P9642 [SNCPC2019] 0689

We call a string as a 0689-string if this string only consists of digits `0`, `6`, `8` and `9`. Given a 0689-string $s$ of length $n$, one $\textbf{must}$ do the following operation exactly once: select a non-empty substring of $s$ and rotate it 180 degrees. More formally, let $s_i$ be the $i$-th character in string $s$. After rotating the substring starting from $s_l$ and ending at $s_r$ 180 degrees ($1 \le l \le r \le n$), string $s$ will become string $t$ of length $n$ extracted from the following equation, where $t_i$ indicates the $i$-th character in string $t$: $$t_i = \begin{cases} s_i & \text{if } 1 \le i < l \text{ or } r < i \le n \\ \text{`0'} & \text{if } l \le i \le r \text{ and } s_{l+r-i} = \text{`0'} \\ \text{`6'} & \text{if } l \le i \le r \text{ and } s_{l+r-i} = \text{`9'} \\ \text{`8'} & \text{if } l \le i \le r \text{ and } s_{l+r-i} = \text{`8'} \\ \text{`9'} & \text{if } l \le i \le r \text{ and } s_{l+r-i} = \text{`6'} \\ \end{cases}$$ What's the number of different strings one can get after the operation?

There are multiple test cases. The first line of the input contains an integer $T$, indicating the number of test cases. For each test case: The first and only line contains a 0689-string $s$ ($1 \le |s| \le 10^6$).
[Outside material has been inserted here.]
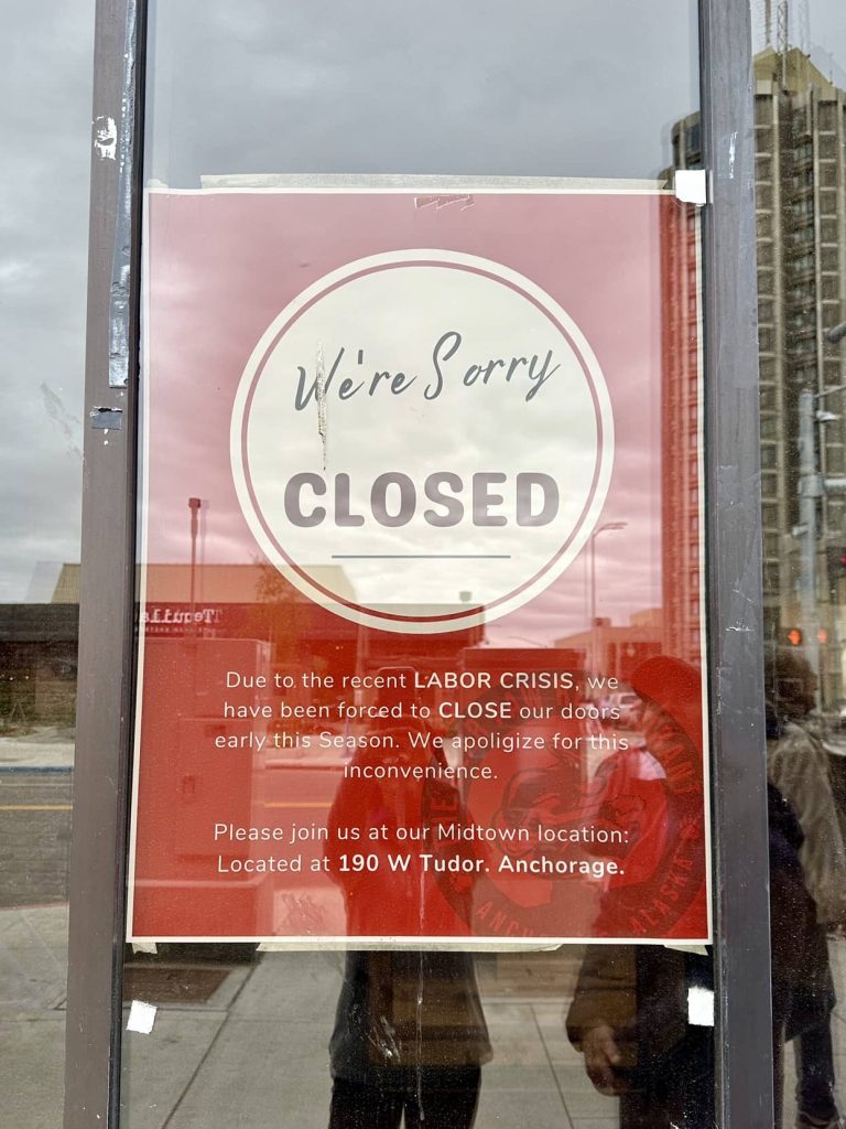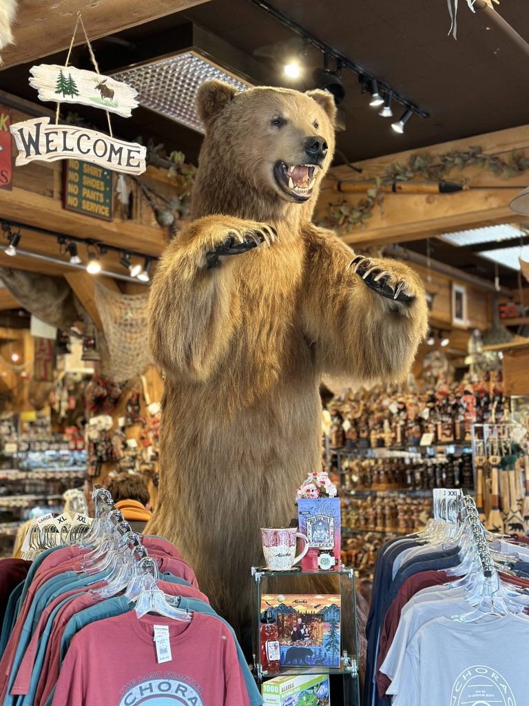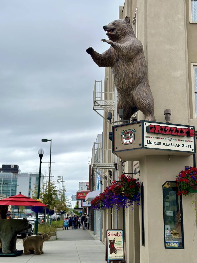 市中心的繁华地段就两条街,加起来一共几百米长,买卖铺户一家连一家,开门营业的大概有七八成,剩下的要么休息,要么已经倒闭了。逛了几家礼品店,所有的东西都来自浙江省义乌市。又逛了一家艺术品商店,一进门就有店员热情地介绍:本店所有商品都是本地艺术家的手工制作!果然,东西好坏不论,全都贵得离谱。逛了一整条街,惊讶地发现每一家店铺门口都贴着布告,上面用大号粗体字写着:店内没有厕所……!介是什么路数?我们以前只见过:“厕所只供顾客使用”,或者明码标价收费使用,在这里,阿拉斯加人民直接了当告诉你:We are not giving no shit.

It's guaranteed that the sum of $|s|$ of all test cases will not exceed $10^7$.

For each test case output one line containing one integer, indicating the number of different strings one can get after applying the operation exactly once.

We hereby explain the first sample test case. $$\begin{array}{|c|c||c|c|}\hline \textbf{Substring} & \textbf{Result} & \textbf{Substring} & \textbf{Result} \\ \hline 0 & 0689 & 68 & 0899 \\ \hline 6 & 0989 & 89 & 0668 \\ \hline 8 & 0689 & 068 & 8909 \\ \hline 9 & 0686 & 689 & 0689 \\ \hline 06 & 9089 & 0689 & 6890 \\ \hline \end{array}$$ It's easy to discover that we can get $8$ different strings after the operation.